Exhibition

Peter Hujar, Self-Portrait Jumping, 1974 © The Peter Hujar Archive / VG Bild-Kunst, Bonn 2025
Bringing together the works of Peter Hujar and Liz Deschenes, Persistence of Vision opens an intergenerational dialogue on photography. Working in New York City between the Stonewall uprising of 1969 and the onset of the AIDS crisis in the 1980s, Peter Hujar captured a pivotal cultural moment in piercing black-and-white photographs. Alongside incisive images of animals, nature and urban ruins, he portrayed New York’s downtown avant-garde and queer communities, including figures such as Candy Darling, Susan Sontag and David Wojnarowicz.

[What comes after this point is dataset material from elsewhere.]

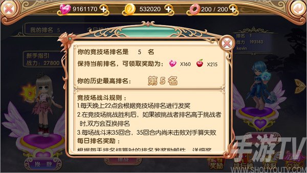 其中奖励内可以查询目前的排名与可获得奖励内容,竞技场的具体规则与不同排位奖励也可以随意翻看,排名前1000名玩家皆可获得相应奖励。

In the exhibition, Hujar’s photographs are interspersed with contemporary works by New York City-based artist Liz Deschenes. These interludes invite viewers to pause, slow down and consider Hujar’s work in a new light. Deschenes creates sculptures and non-representational photographic works that employ the fundamental properties of the medium – light, chemistry and time – to explore what a photograph can be. As the first major exhibition of both Hujar’s and Deschenes’ work in Berlin, Persistence of Vision proposes an expansive understanding of photography and highlights the uncompromising clarity of vision that defines both artists’ practices.
Curated by Eva Respini, Co-CEO and Curator at Large, Vancouver Art Gallery, with Monique Machicao y Priemer Ferrufino, Curatorial Fellow Exhibitions, Gropius Bau
In partnership with Gropius Bau, the Bundeskunsthalle in Bonn presents Peter Hujar. Eyes Open in the Dark from 27 February to 23 August 2026.